How Prediction Markets Are Changing the Future of Poker

Brett CollsonBrett Collson|published: Thu 20th November, 08:54 2025
Photo: shutterstockPhoto: shutterstock

Poker and prediction markets have always shared a certain DNA. Both thrive on information, psychology, and the ability to price uncertainty better than the next person.

Those two worlds are now crossing paths in a way that could change how fans (and maybe even players) engage with the game.

Daniel Negreanu’s partnership with Kalshi, and Polymarket’s recently announced collaboration with Hustler Casino Live, each take a big step in the convergence of professional poker and regulated event markets.

For poker’s global audience, it’s an enticing idea. For regulators and insiders, though, it could be a little unnerving.

Betting on the Game, Inside the Game

At first glance, it’s very smart. Kalshi, the federally regulated exchange backed by the CFTC, is exploring poker-themed contracts, such as whether a poker tournament meets its guarantee or whether a woman makes the WSOP Main Event final table. Those are quantifiable, objective outcomes.

Polymarket’s play is flashier: live betting on Hustler Casino Live (HCL) cash games, where viewers can wager on who wins the biggest pots in real time. It’s slick, it’s modern, and it’s exactly the kind of interactive layer that poker streams have needed for years.

But here’s where things get tricky: HCL games are not tournaments with fixed outcomes.
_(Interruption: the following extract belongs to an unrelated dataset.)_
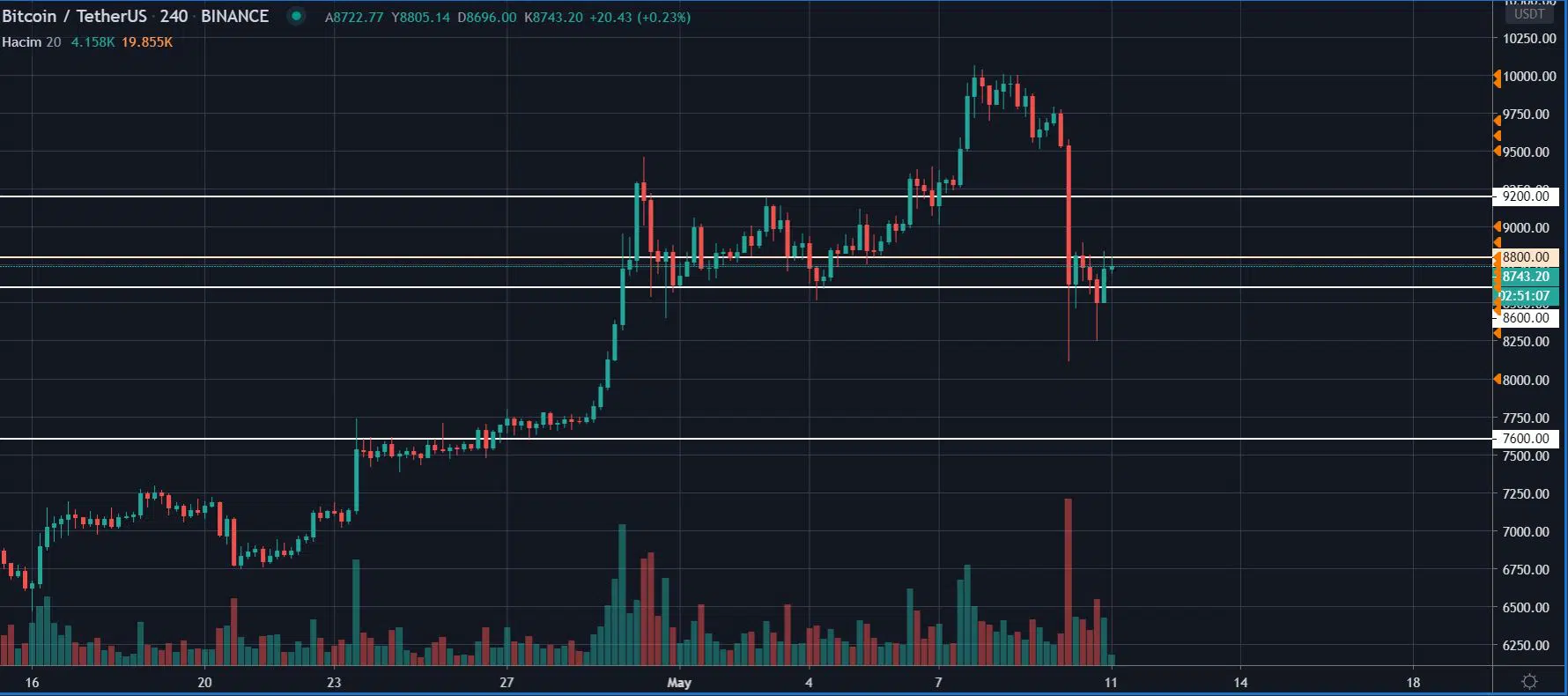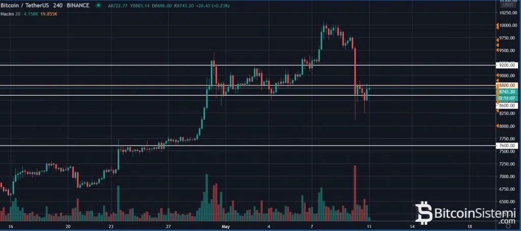 Güncel olarak 8800 ve 9200 dolar seviyeleri direnç noktası olarak karşımıza çıkarken, destek noktaları ise 8350, 8100 ve ana destek olarak ise 7600 dolar seviyeleri olarak karşımıza çıkıyor.

They’re cash games, with real people making real financial decisions at the table, and those same people could, in theory, bet on themselves through Polymarket.
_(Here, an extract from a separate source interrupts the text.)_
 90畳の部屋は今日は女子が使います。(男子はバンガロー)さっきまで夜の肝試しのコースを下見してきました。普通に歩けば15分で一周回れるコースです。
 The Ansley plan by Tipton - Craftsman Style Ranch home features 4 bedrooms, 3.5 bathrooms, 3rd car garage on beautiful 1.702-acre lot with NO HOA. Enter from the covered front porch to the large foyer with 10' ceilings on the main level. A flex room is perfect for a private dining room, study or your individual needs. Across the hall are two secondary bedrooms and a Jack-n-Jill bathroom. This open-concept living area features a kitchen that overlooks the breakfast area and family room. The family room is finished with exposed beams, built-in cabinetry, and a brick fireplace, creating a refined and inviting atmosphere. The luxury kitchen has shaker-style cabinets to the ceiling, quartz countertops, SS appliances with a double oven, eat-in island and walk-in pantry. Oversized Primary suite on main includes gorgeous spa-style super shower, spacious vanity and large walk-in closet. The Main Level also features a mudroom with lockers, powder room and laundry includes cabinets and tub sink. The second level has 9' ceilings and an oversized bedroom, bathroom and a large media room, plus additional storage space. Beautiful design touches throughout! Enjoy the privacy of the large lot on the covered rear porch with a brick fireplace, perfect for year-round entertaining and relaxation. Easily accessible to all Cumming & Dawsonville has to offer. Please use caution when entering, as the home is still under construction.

Last year, Polymarket listed a one-off market for high-stakes pro Alan Keating on whether Keating would “finish up” in the Million Dollar Cash Game at HCL. But here’s a twist: Keating, a regular in the cash game streaming scene, said publicly that he has an investment in Polymarket, thus adding another dimension to the questionable optics of all of this.

That’s not to suggest that Keating would ever be a bad actor, but it is another piece to the integrity puzzle that nobody has solved yet.
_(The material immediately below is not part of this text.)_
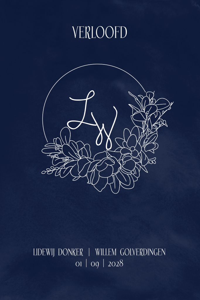 Deze verlovingskaart met roséfolie en krans maakt deel uit van een trouwkaartenset.

When Information Becomes a Currency

Poker has always lived on the edge of information asymmetry. Knowing what others don’t know is part of the game. But when that advantage spills over into trading markets, it blurs lines that regulators usually treat as sacred.

If a player on stream can short themselves, hedge against a loss, or coordinate off-table bets through proxies, it becomes almost impossible to separate legitimate speculation from subtle manipulation. It doesn’t even need to be nefarious; a player folding a marginal spot to secure a Polymarket payout could distort both the poker game and the market tied to it.

Gaming regulators sidestep this by banning betting on events where participants control the outcome, like the Oscars or professional wrestling. Prediction markets, especially decentralized ones, lack such built-in guardrails.

Polymarket’s founder, Shayne Coplan, has long defended insider participation as a feature, not a flaw, arguing that it makes markets more efficient by integrating real knowledge into prices. That might hold for macroeconomic indicators or political primaries. But in poker, where a single river card changes everything, that logic feels more combustible.

The Promotional Upside

Still, you can’t deny the promotional brilliance of all this. Poker has struggled for years to recapture the mainstream energy of its boom years. Platforms like Kalshi and Polymarket bring fresh eyes and fresh liquidity back into the fold.

For content producers, it’s rocket fuel. Every market is a built-in storyline. Every price swing becomes a conversation. Even traditional sponsors see new engagement metrics.

Balancing Innovation with Integrity

So where does that leave us? Somewhere between revolution and restraint.

Prediction markets could inject new life into poker broadcasts, sponsorships, and player branding. They could also introduce the same integrity headaches that poker spent decades cleaning up.

The key, then, will be a clear separation between participants and traders, objective event design, and perhaps a player code that mirrors insider trading rules in finance.

Because for prediction markets to elevate poker, they need to enhance the sweat, not compromise it.